[[ Source material open ]]

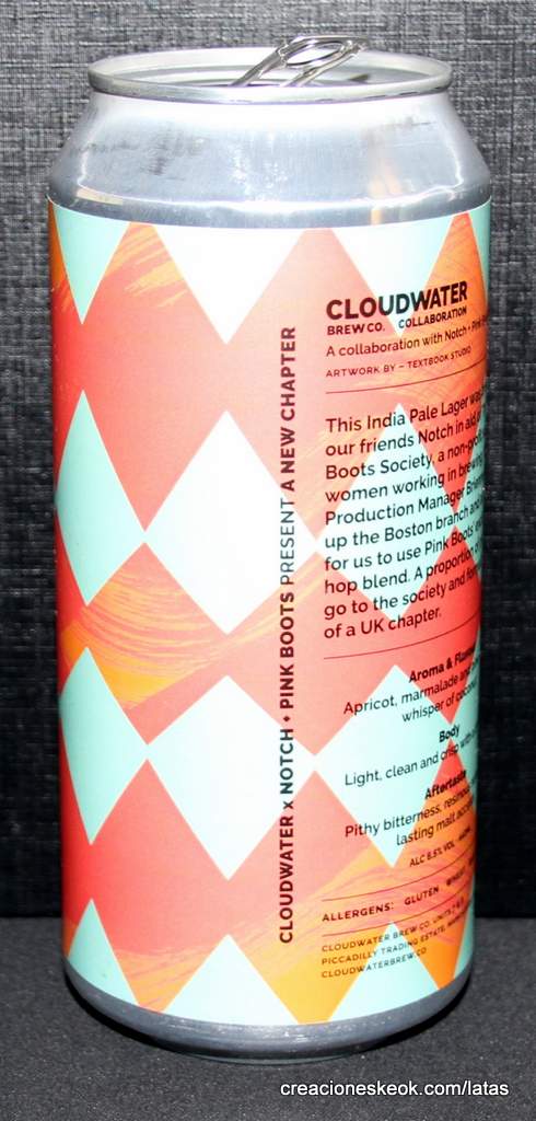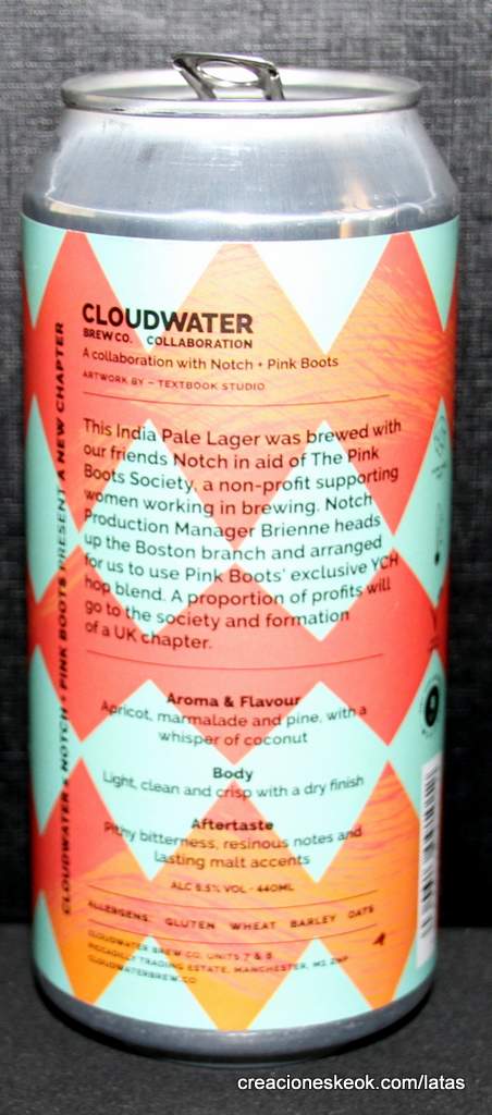 Esta India Pale Lager se elaboró ??con amigos de Notch en apoyo de The Pink Boots Society, una organización sin fines de lucro que apoya a las mujeres que trabajan en la elaboración de cerveza. La gerente de producción de Notch, Brienne, dirige la sucursal de Boston y arregló para que Cloudwater use la mezcla de lúpulo YCH exclusiva de Pink Boots. Una parte de las ganancias se destinará a la sociedad y la formación de un capítulo en el Reino Unido.
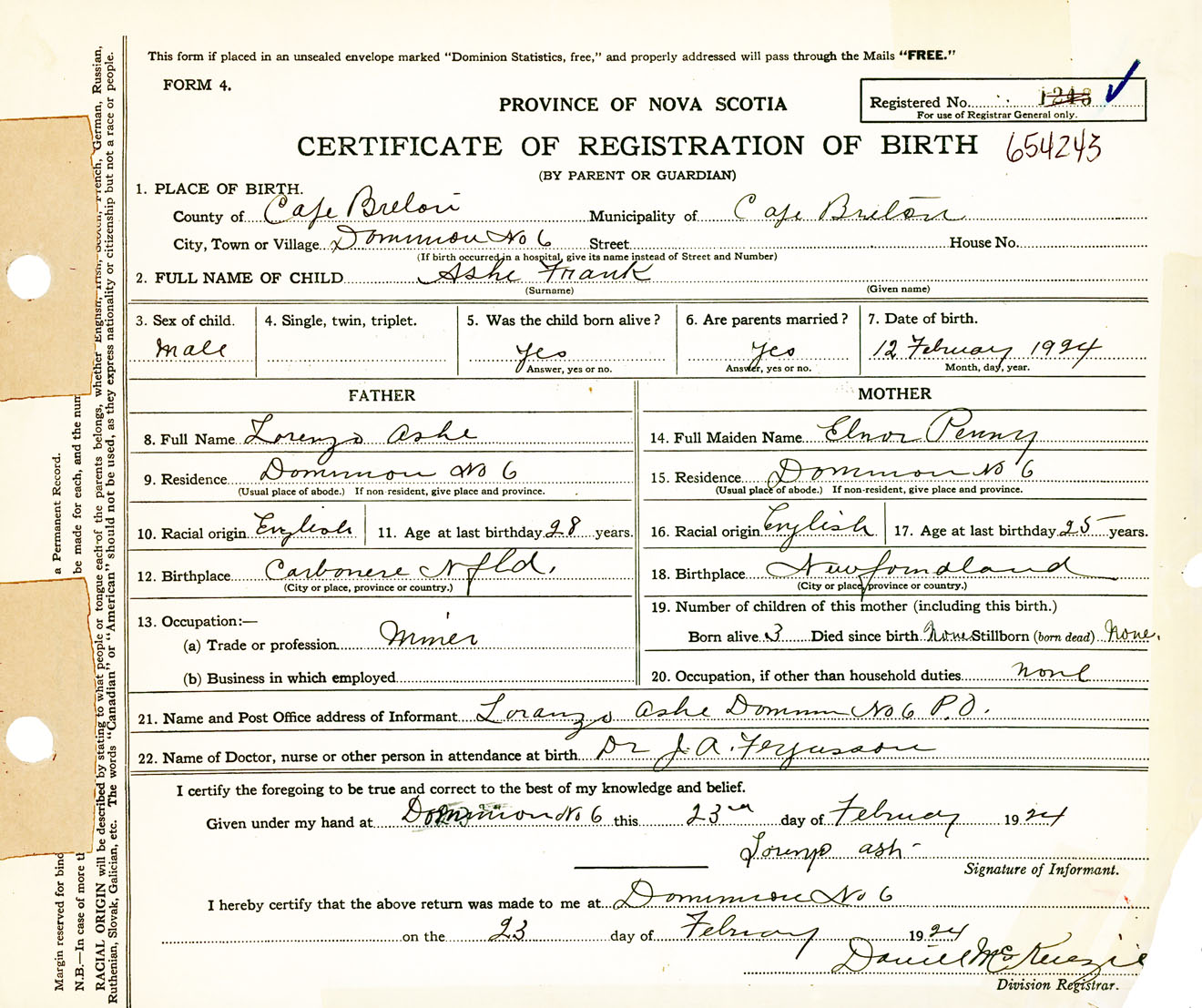 Male Birth Registration: Year: 1924 number: 65400243
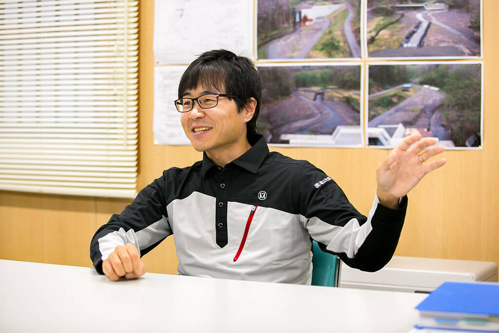 現場のまとめ役である現場所長にも、土木に必要な適性は何かを聞いてみた。入社13年目、社内の現場所長の中で一番若手の山内奨平さんは「協調性」だと考える。
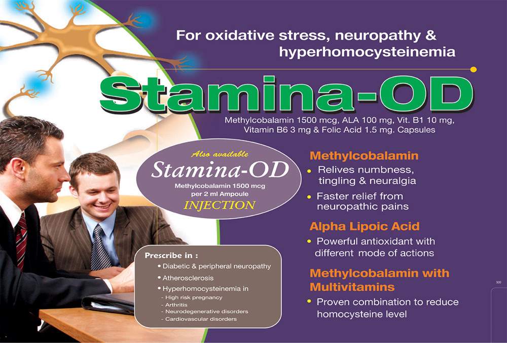 | STAMINA – OD | Methyl cobalamine 1500 mcg. + Alpha lipoic Acid 100 mg + Thiamine Mononitrate 10 mg + Pyridoxine Hydrochloride 3 mg + Folic Acid 1.5 mg Tab. | 10 x 10 C. |

[[ Source material closed ]]

## Task item:
Set the entire listing down again, exact in every line, without any pictures.

## Solution to this task:
 Esta India Pale Lager se elaboró ??con amigos de Notch en apoyo de The Pink Boots Society, una organización sin fines de lucro que apoya a las mujeres que trabajan en la elaboración de cerveza. La gerente de producción de Notch, Brienne, dirige la sucursal de Boston y arregló para que Cloudwater use la mezcla de lúpulo YCH exclusiva de Pink Boots. Una parte de las ganancias se destinará a la sociedad y la formación de un capítulo en el Reino Unido.
 Male Birth Registration: Year: 1924 number: 65400243
 現場のまとめ役である現場所長にも、土木に必要な適性は何かを聞いてみた。入社13年目、社内の現場所長の中で一番若手の山内奨平さんは「協調性」だと考える。
 | STAMINA – OD | Methyl cobalamine 1500 mcg. + Alpha lipoic Acid 100 mg + Thiamine Mononitrate 10 mg + Pyridoxine Hydrochloride 3 mg + Folic Acid 1.5 mg Tab. | 10 x 10 C. |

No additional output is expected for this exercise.